Data is pretty much everything when it comes to training AI systems, but accessing enough data to produce quality products that live up to their promise is a major challenge, even for companies with the deepest of pockets.
This is a problem that Advex AI is setting out to address, using generative AI and synthetic data to "solve the data problem," as the company puts it. More specifically, Advex allows customers to train their computer vision systems using a small sample of imagery, with Advex generating thousands of "fake" pictures from that sample.

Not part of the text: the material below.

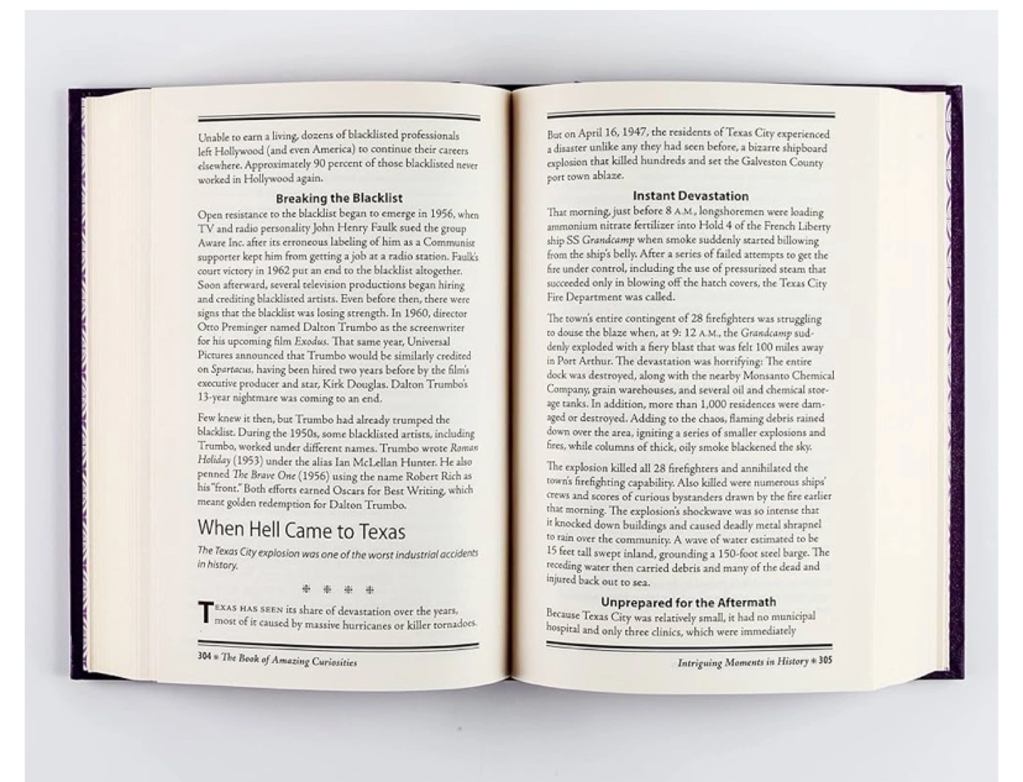 The Book of Amazing Curiosities contains hundreds of articles, lists, quotes, and anecdotes designed to pique the interest and engage the mind.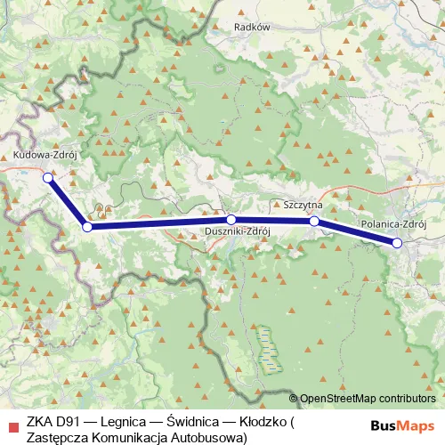 The first stop of the ZKA D91 bus route is Polanica Zdrój and the last stop is Kudowa-Zdrój. ZKA D91 (Legnica — Świdnica — Kłodzko (Zastępcza Komunikacja Autobusowa)) is operational during ежедневно.

Today signals Advex's formal launch at TechCrunch Disrupt 2024 on the Startup Battlefield stage, though it has already secured a handful of customers through its stealth phase. This includes what it calls "seven major" enterprise clients, which it says it's not at liberty to disclose. TechCrunch can also reveal that the San Francisco-based startup has raised $3.6 million in funding, the bulk of which came via a $3.1 million seed tranche last December, with notable backers including Construct Capital, Pear VC, and Laurene Powell Jobs' Emerson Collective.

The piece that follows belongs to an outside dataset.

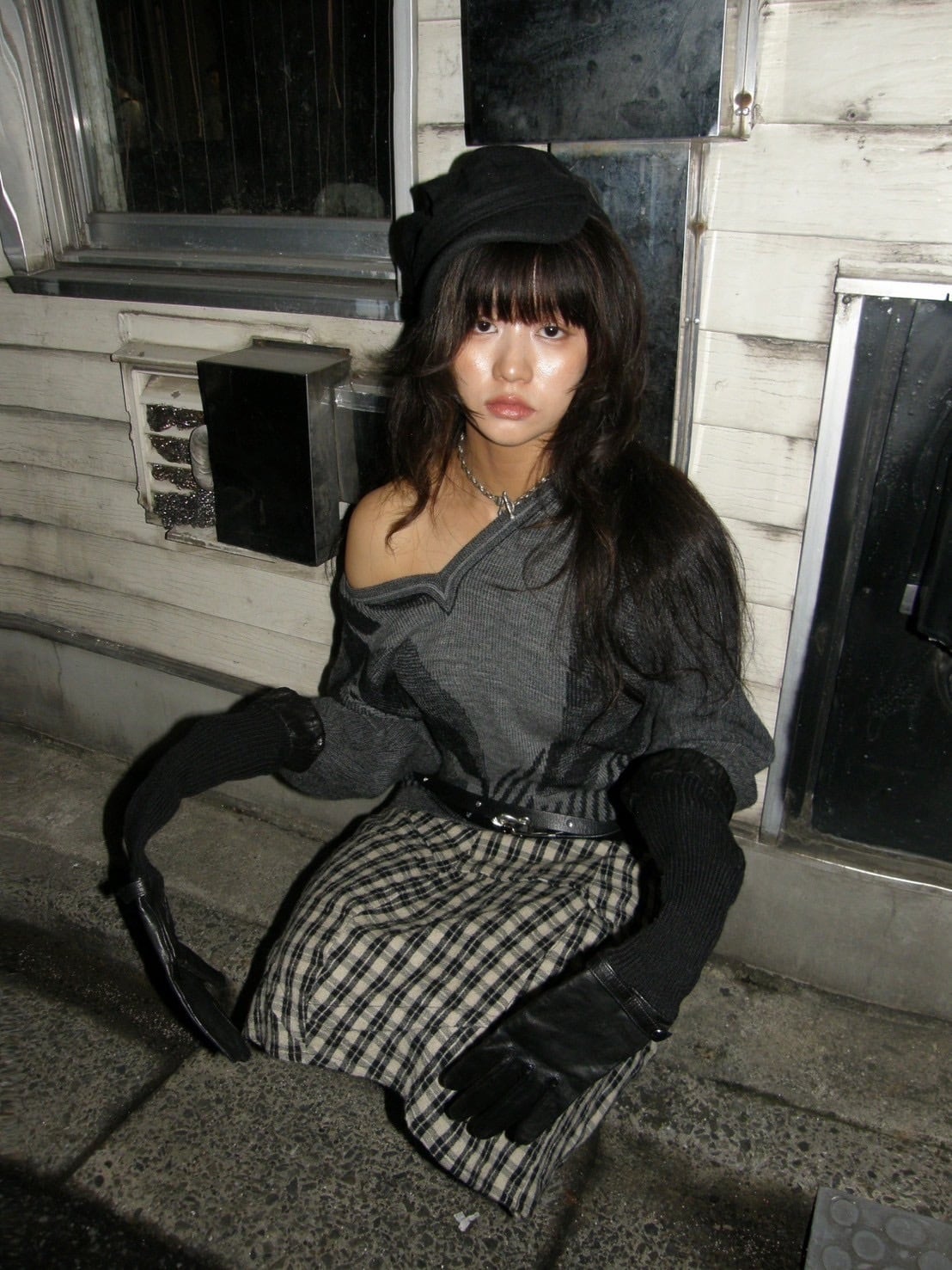 asymmetry balloon check wool skirt

CEO Pedro Pachuca started Advex with his CTO co-founder Qasim Wani a little over a year ago, and the company has a headcount of six. That such a svelte startup has already made it into the industry with real paying customers is notable, with Pachuca putting at least some of this down to his background, as well as good old-fashioned networking and cold reach-outs. Indeed, Pachuca was previously a machine learning researcher at Berkeley, and later joined the research team at Google Brain before it merged into DeepMind.
"If the ROI [return on investment] makes sense, they'll [customers] trust us a bit," Pachuca said. "I have done a lot of research in this space -- being at Google Brain before gives me a little bit of credibility. But at the beginning it was cold emails, and that got us our first two big customers. Then it was conferences -- that's why I go to so many of them!"
Pachuca was about to head over to Europe just after concluding his interview with TechCrunch, where he planned to attend various meetings and conferences, including the European Conference on Computer Vision (ECCV) in Milan (Italy) and Vision in Stuttgart (Germany).
"There's a lot of conferences out there in Europe," Pachuca said. "We're going to ECCV to learn and hire, basically," Pachuca added. "And Vision is more on the industrial side, so we're there to sell."
Potential customers include legacy developers of machine vision systems, along the lines of Cognex or Keyence, which are striving to bolster their products with better AI. But on the other side, Advex might sell directly to the end-user businesses, such as car manufacturers or logistics companies building their own in-house tooling.
For example, a car manufacturer might need to teach its computer vision system to recognize defects in the material of their car seats. However, even if the company could access hundreds of distinct images, the fact is that no two defects look the same. So instead, the manufacturer can upload a dozen pictures of seats with tears in them, with Advex extrapolating from that to generate thousands of "defected" seat pictures to build a far more extensive and diverse pool of training data.
The same can be applied to just about any manufacturing sector, from oil and gas to wood furnishings -- it's all about reducing data collection time and costs by artificially creating training imagery.
Synthetic data isn't a new concept, of course, but with the AI revolution in full swing, businesses are seeking to bridge the data gaps -- this includes areas such as market research, where survey samples may be too small, as well as computer vision as we're seeing with the likes of Advex, among other VC-backed startups such as Synthesis AI and Parallel Domain.
Broadly speaking, there are two kinds of models that Advex deals with. The model that's deployed at the customer's site, the one that the customer's own images train, is just standard off-the-shelf "open source stuff," as Pachuca puts it. "That's because they need to be small, and we also don't believe that the gains come from the architecture of the model -- they come from training on the right data," he said.
But the real secret sauce is in the company's proprietary diffusion model, similar to something like Midjourney or Dall-E, and is what's used to create the synthetic data. "That one is custom, and is highly complicated -- that's where we put all of our effort," Pachuca added.
While Advex's manufacturing focus is one way it differentiates, it's really the diffusion model approach where the company sees itself as standing out.
In comparison to other simulation and modeling techniques, such as those aligned with game/physics engines (e.g. Unity), Pachuca says that using diffusion means there is no setup required, and generation takes just seconds per image/label pair -- plus it's far closer to real-life data.
"We're not just creating any images, we're creating the images you don't have -- specifically trying to understand what is missing, and creating that," Pachuca said. "And this 'what is missing' part is really hard, and it's very invisible, but it's one of the biggest innovations that we've made."